PERMITS NOT REQUIRED FOR NOVICE COMPETITION STARTING JULY 1, 2010.
_The American Quarter Horse Journal__, June 29, 2010 –_ Beginning July 1, 2010, American Quarter Horse Association novice exhibitors will be allowed to show any American Quarter Horse in AQHA novice classes, regardless of ownership. Previously, AQHA rules required novice exhibitors to show a horse owned by a family member (Rule 403(a)(5)), through a lease (Rule 405(c)) or with an official novice permit.
The goal of this rule change is to encourage novice competitors to try a new event on an experienced horse while helping the exhibitor gain confidence and more experience, according to Todd Branson, AQHA director of competition marketing. As current rules state, once the novice exhibitor has earned 25 lifetime points in a class, he or she is ineligible to compete in that class the following year as a novice, with or without a permit.
As novice eligibility now allows, an exhibitor can show a horse in a novice youth or novice amateur class with the owner and his or her immediate family still retaining the ability to show the horse in any class other than the same class as the novice exhibitor. Exhibitors are still required to have a novice amateur or novice youth membership to participate. Memberships can be purchased at the show or prior to the show through AQHA. All novice eligibility requirements as specified in Rule 405A (c) remain unchanged.
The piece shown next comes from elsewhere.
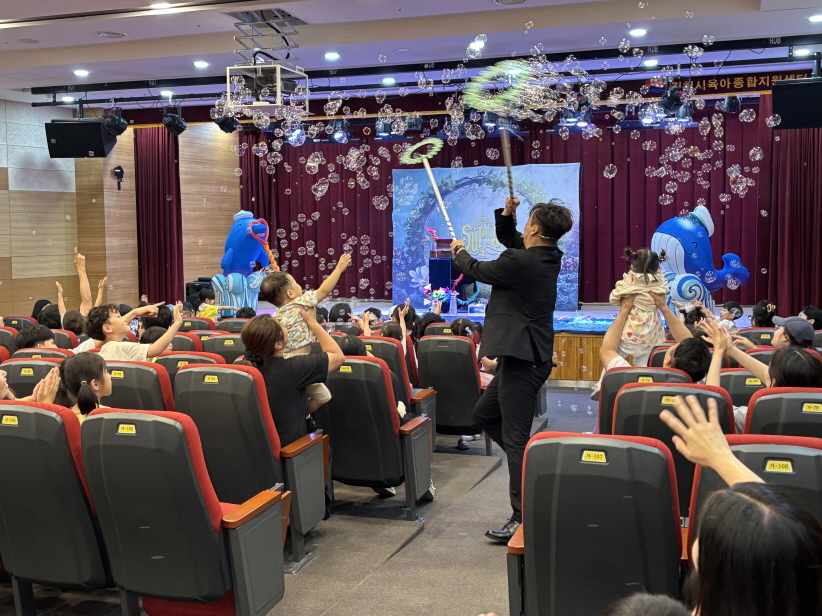 육아종합지원센터는 무더운 여름 영유아 가족에게 즐거운 추억을 선사하기 위해 영유아들의 스테디셀러 공연‘신기한 비눗방울 세상, 버블쇼’를 2회(11시, 14시)에 걸쳐 선보였다.
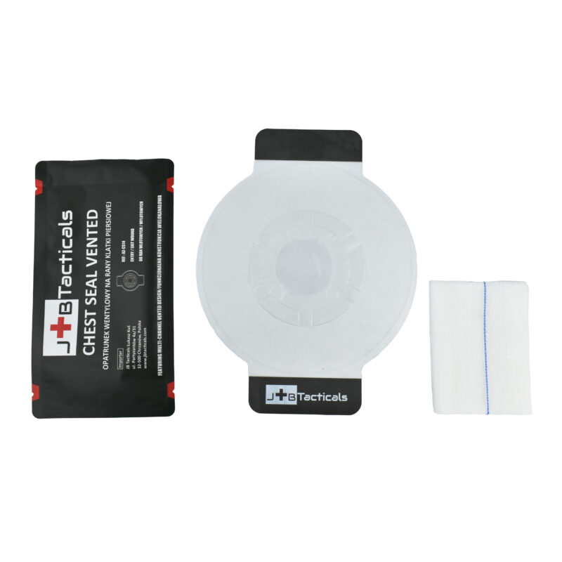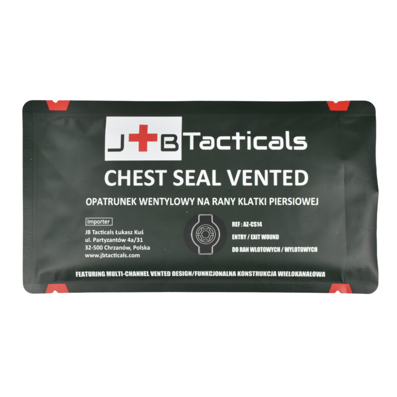 Opatrunek Wentylowy Chest Seal Vented AZ-CS14 JB Tacticals to profesjonalny opatrunek medyczny, który został stworzony z myślą o skutecznym opatrywaniu ran klatki piersiowej. Dzięki innowacyjnej technologii jednokierunkowego zaworu wentylowego produkt umożliwia usuwanie powietrza zalegającego w klatce piersiowej, co zmniejsza ryzyko odmy prężnej oraz blokuje dostęp powietrza z zewnątrz.

Novice exhibitors must still request a novice permit to show a horse that is owned by a non-family member at any of the top 10 AQHA circuit shows that allow permit competition. The top 10 shows are determined by the total number of entries the previous year and can change from year to year. 

Top 10 shows* that will require a permit for novice competition in 2010:


Oklahoma Quarter Horse Association Redbud Spectacular, Oklahoma City 
Texas Classic, Fort Worth, Texas 
South Florida Quarter Horse Association Gold Coast, Tampa, Florida 
Arizona Sun Country Circuit, Scottsdale, Arizona 
Dixie National Quarter Horse Show, Jackson, Mississippi 
Big A Circuit, Conyers, Georgia 
Florida Quarter Horse Association Gulf Coast Circuit, Tampa, Florida 
Oregon Quarter Horse Association Summer Classic, Central Point, Oregon 
The Stars and Strips Circuit, Conyers, Georgia 
Western Pennsylvania Quarter Horse Association, Harlansburg, Pennsylvania 
_* The All American Quarter Horse Congress is the largest show in terms of entries but does not allow permits or leases._
Competitors showing in AQHA youth- or amateur-division classes must still adhere to AQHA’s horse ownership rule 403(A)(5), which states that an amateur must not exhibit in open or amateur AQHA classes horses owned by any third party, but shall only exhibit horses solely owned by the applicant or the applicant’s family. However, beginning January 1, 2011, youth and amateur competitors will be allowed to show leased horses in their respective divisions.


----------



## nrhareiner (Jan 11, 2009)

This came out a few months ago. It should be fun to see how it works. I think a friend of mine might use my reining mare next year in Nov. Youth. She should clean up.


----------



## shmurmer4 (Dec 27, 2008)

June 29th 
_Posted via Mobile Device_


----------



## nrhareiner (Jan 11, 2009)

That is when the Email was sent out but the rule change was before that. I had been talking to them about this rule and anouther.


----------